§ **LISTED ENTRIES**:
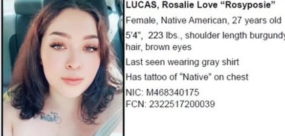 Lucas is described as 5’4″, weighing 223 pounds, with shoulder-length burgundy hair and brown eyes. She was reportedly wearing a gray shirt at the time she was last seen. Authorities say she has a tattoo reading “Native” on her chest.
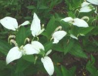 花のすぐ下の葉の表面が白く変化し、目立つので葉が花弁のような役目を果たしています。
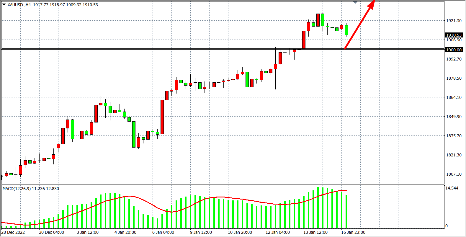交易策略:在1900.00 之上看涨,目标1920.00 1930.00
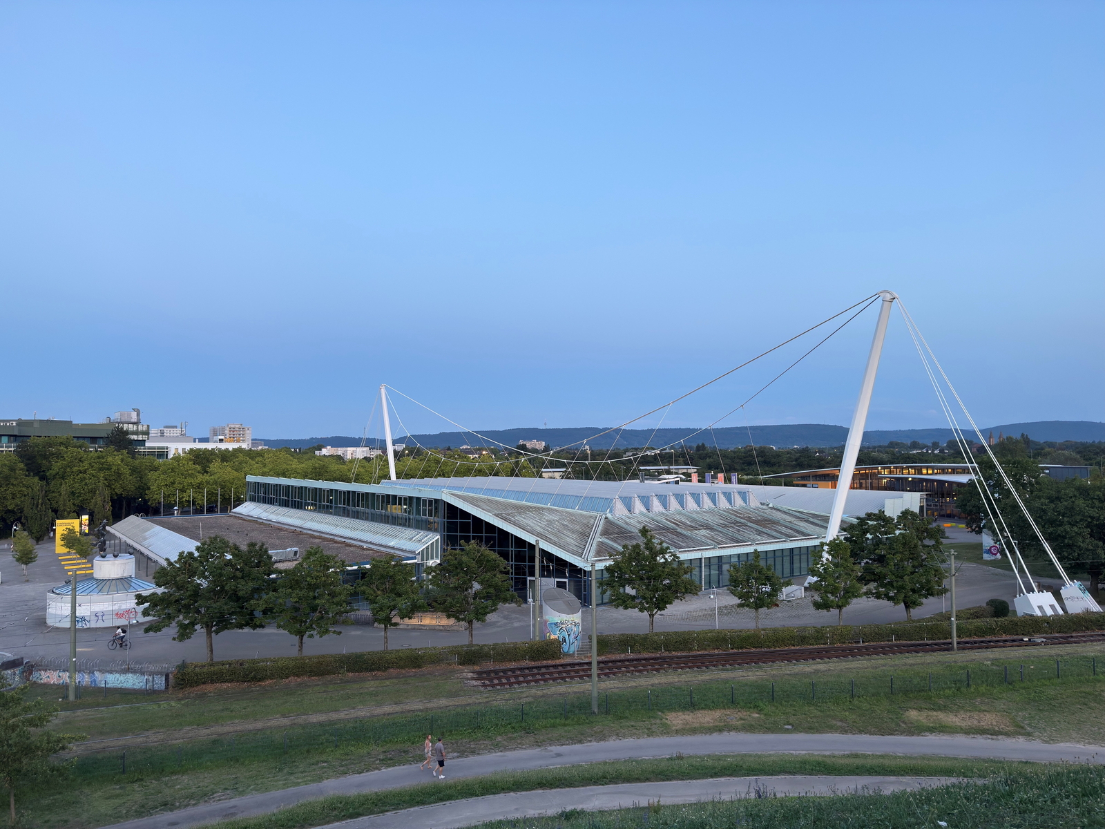 The roof construction of the Europahalle Karlsruhe is a special structural feature, as it is only supported by two steel cables.
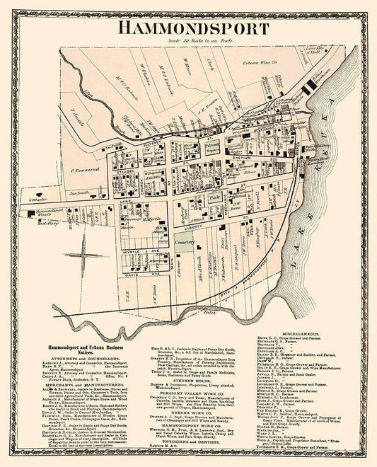 Hammondsport New York Landowner - Beers 1873 White Modern Wood Framed Art Print with Double Matting by Beers
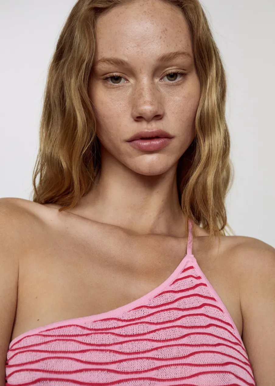 Tkanina z cienkiej dzianiny. Teksturowana tkanina. Asymetryczny krój. Krótki krój. Bez rękawów. Wąskie ramiączko. Bez zapięcia. Model wcięty.

§ **PROBLEM DESCRIPTION**: Hand back the records above exactly as they are, pictures excluded.

§ **RESPONSE TO THIS EXERCISE**:
 Lucas is described as 5’4″, weighing 223 pounds, with shoulder-length burgundy hair and brown eyes. She was reportedly wearing a gray shirt at the time she was last seen. Authorities say she has a tattoo reading “Native” on her chest.
 花のすぐ下の葉の表面が白く変化し、目立つので葉が花弁のような役目を果たしています。
交易策略:在1900.00 之上看涨,目标1920.00 1930.00
 The roof construction of the Europahalle Karlsruhe is a special structural feature, as it is only supported by two steel cables.
 Hammondsport New York Landowner - Beers 1873 White Modern Wood Framed Art Print with Double Matting by Beers
 Tkanina z cienkiej dzianiny. Teksturowana tkanina. Asymetryczny krój. Krótki krój. Bez rękawów. Wąskie ramiączko. Bez zapięcia. Model wcięty.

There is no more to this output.